WHAT THE TASK ASKS :: Everything from the line containing "일단 일별 종목별 손익계산서를" to the last line of the material below must be retyped exactly, both ends included; skip the pictures.

++++ STORED DATA

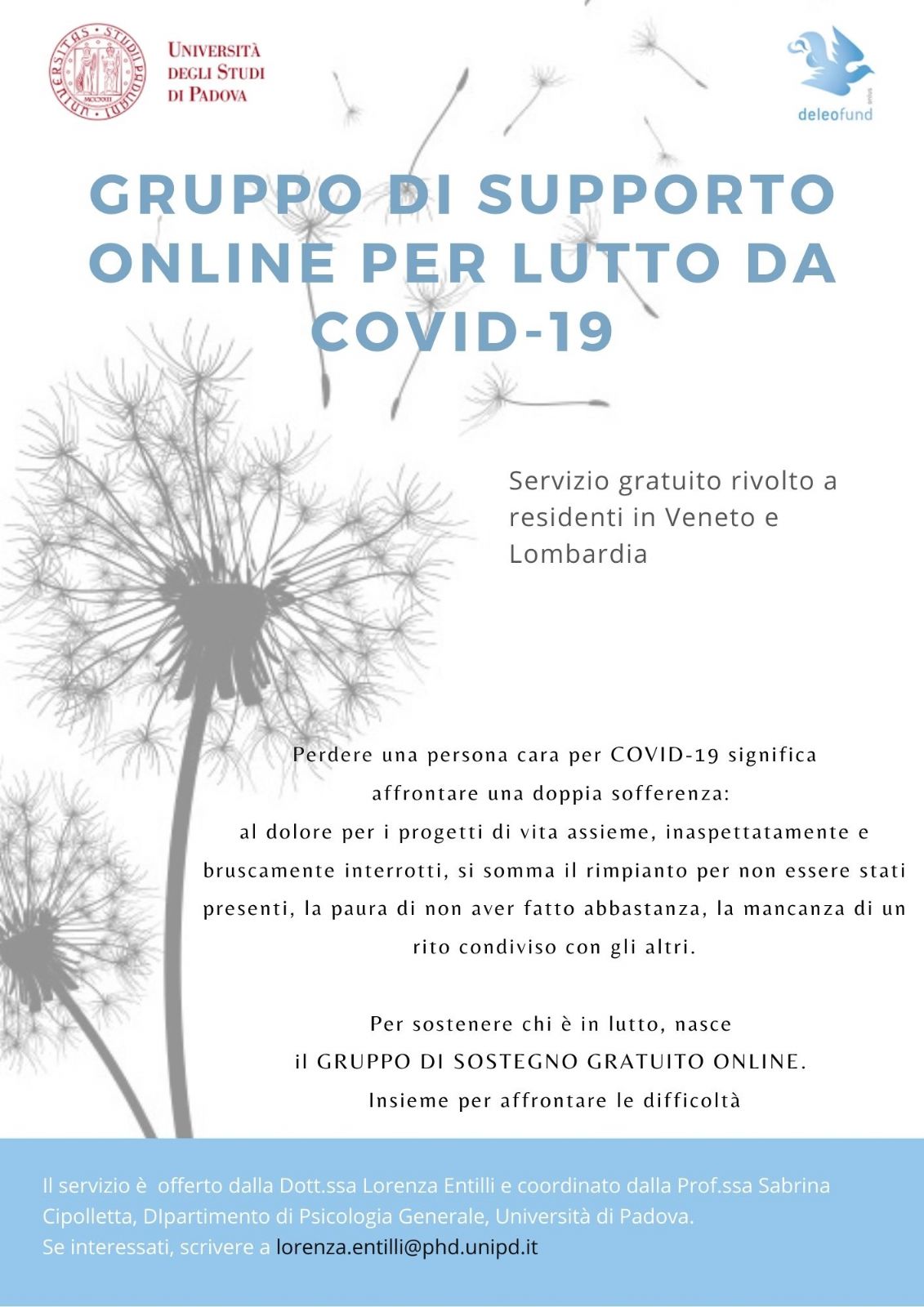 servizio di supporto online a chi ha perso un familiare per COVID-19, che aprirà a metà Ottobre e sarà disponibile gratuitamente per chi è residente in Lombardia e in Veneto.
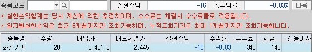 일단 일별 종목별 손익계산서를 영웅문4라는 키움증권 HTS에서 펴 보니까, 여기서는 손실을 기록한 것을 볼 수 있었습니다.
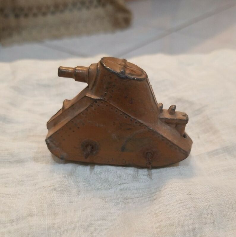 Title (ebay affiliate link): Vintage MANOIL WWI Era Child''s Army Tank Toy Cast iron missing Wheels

++++++++

FINISHED EXERCISE ::
 일단 일별 종목별 손익계산서를 영웅문4라는 키움증권 HTS에서 펴 보니까, 여기서는 손실을 기록한 것을 볼 수 있었습니다.
 Title (ebay affiliate link): Vintage MANOIL WWI Era Child''s Army Tank Toy Cast iron missing Wheels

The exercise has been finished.